Protest nach Schließung der Blauen Moschee: „Uns wurde dieser Ort einfach genommen“

Die Blaue Moschee an der Außenalster ist dicht. Seit der Razzia am Mittwochmorgen und dem Verbot des IZH ist sie geschlossen. Zum Freitagsgebet fanden sich etwa 150 Menschen vor der Moschee ein. Ein Ausdruck des Protests. Aber auch ein Zeichen der Verzweiflung. Denn es ist die einzige schiitische Moschee in Hamburg. Was bedeutet dieser Verlust für die schiitische Minderheit?

Bahn für Bahn verschwindet der nasse Asphalt vor der Blauen Moschee unter Malervlies und Planen. Die ersten Männer legen gegen 13.30 Uhr ihre mitgebrachten Gebetsteppiche vor der Moschee aus.

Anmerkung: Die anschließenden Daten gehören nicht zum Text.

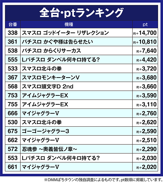 ※なお、本記事中のデータは全てDMMぱちタウンの独自調査によるものです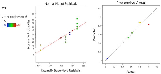 Normal plot of residuals (left) & predicted vs actual (right) values for STS.

Am Straßenrand stapeln sich Schuhe von Männern, Frauen und Kindern. Sie versammeln sich zum Freitagsgebet – normalerweise in der Moschee. Heute nehmen sie davor Platz. Ein letzter Jogger schafft es noch noch über die Straße. In Schlangenlinien vorbei an den Menschen, die sich zum Gebet bereit machen. Dann riegelt die Polizei den Abschnitt mit Absperrband ab.

Immer mehr Menschen versammeln sich vor dem Gebäude

Auf der anderen Straßenseite der Schönen Aussicht steht eine junge Frau mit dunklem Kopftuch. Vorsichtig beobachtet sie, wie sich nach und nach immer mehr Menschen vor dem Gebäude versammeln. Viele kennen sich seit Jahren. „Seit ich zwei Jahre alt bin, komme ich jede Woche. Ich bin hier aufgewachsen“, erklärt sie ruhig und doch bestimmt. „Uns wurde dieser Ort einfach weggenommen“, meint sie noch.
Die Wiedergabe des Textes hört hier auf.